● DESCRIPTION OF THE TASK:
The answer must consist only of the lines from the line with "宁波邬永林康健基金会,,,建" to the line with "Nella galleria dei", both included, exactly as they stand below.

● TASK INPUTS:
[Start of Attachment]
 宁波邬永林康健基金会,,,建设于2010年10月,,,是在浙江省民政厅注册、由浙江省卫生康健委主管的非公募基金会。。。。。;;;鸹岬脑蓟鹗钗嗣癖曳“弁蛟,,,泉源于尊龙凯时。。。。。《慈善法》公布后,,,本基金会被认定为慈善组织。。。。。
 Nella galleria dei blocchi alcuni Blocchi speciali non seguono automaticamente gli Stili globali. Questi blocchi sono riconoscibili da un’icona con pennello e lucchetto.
[End of Attachment]
[Start of Attachment]
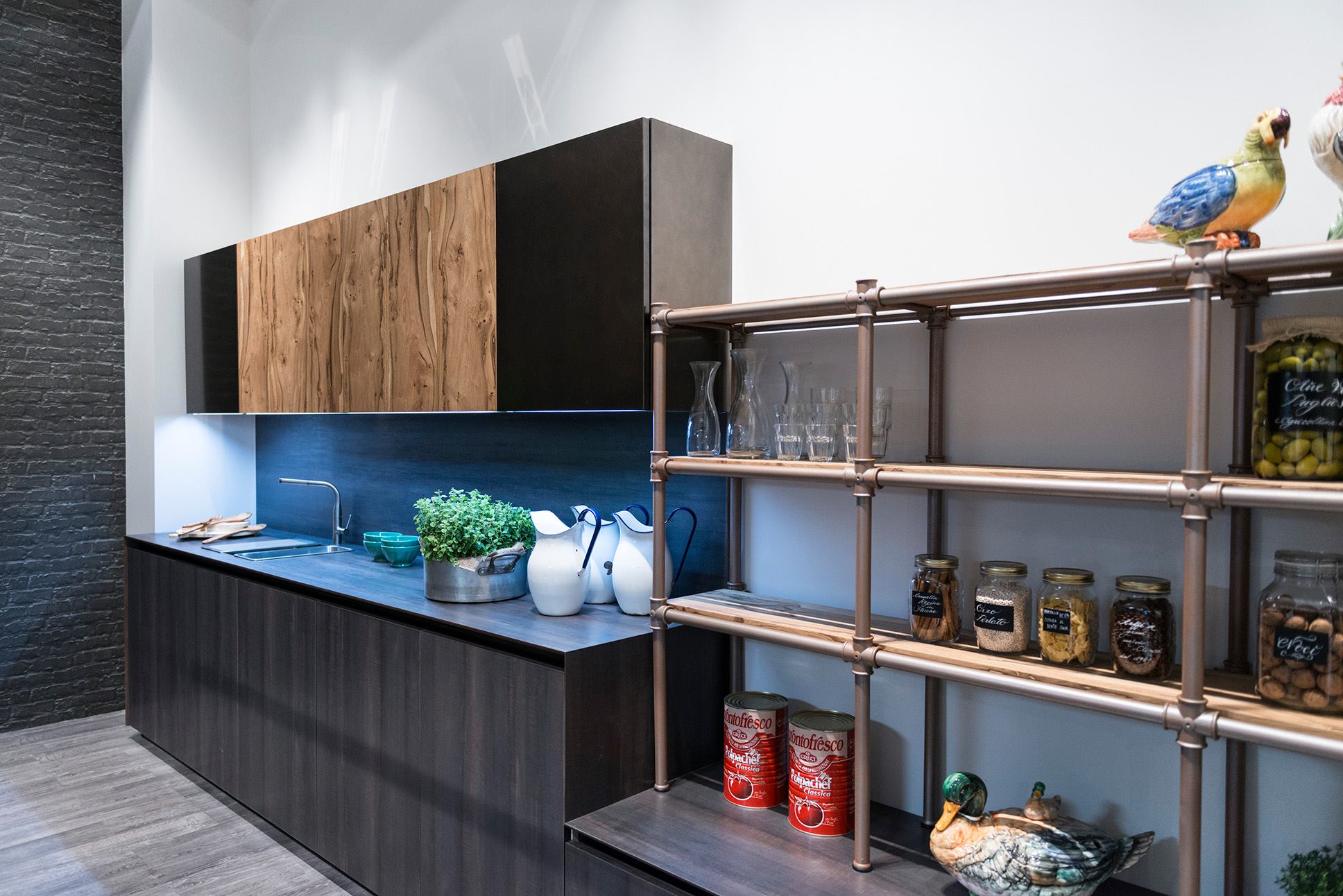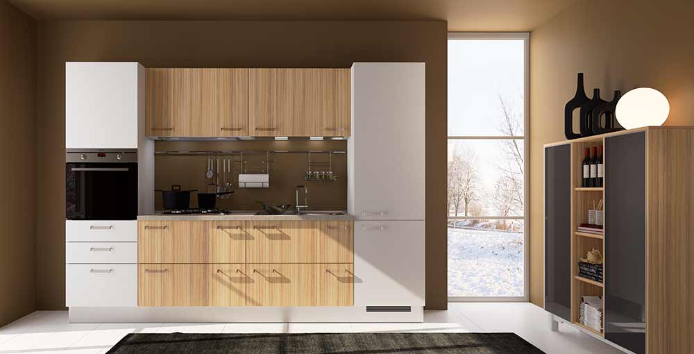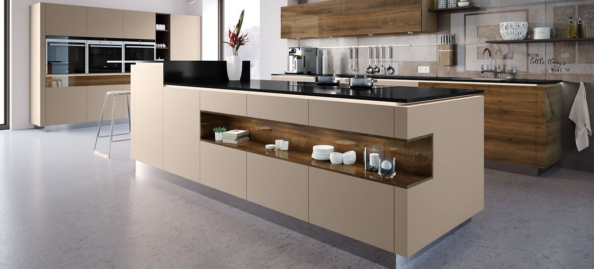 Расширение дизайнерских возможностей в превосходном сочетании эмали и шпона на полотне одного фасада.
[End of Attachment]
[Start of Attachment]
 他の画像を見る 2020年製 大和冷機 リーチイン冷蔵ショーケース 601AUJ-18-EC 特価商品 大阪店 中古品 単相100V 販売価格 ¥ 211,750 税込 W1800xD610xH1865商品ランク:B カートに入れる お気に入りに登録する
[End of Attachment]
● SOLUTION TO THIS TASK:
 宁波邬永林康健基金会,,,建设于2010年10月,,,是在浙江省民政厅注册、由浙江省卫生康健委主管的非公募基金会。。。。。;;;鸹岬脑蓟鹗钗嗣癖曳“弁蛟,,,泉源于尊龙凯时。。。。。《慈善法》公布后,,,本基金会被认定为慈善组织。。。。。
 Nella galleria dei blocchi alcuni Blocchi speciali non seguono automaticamente gli Stili globali. Questi blocchi sono riconoscibili da un’icona con pennello e lucchetto.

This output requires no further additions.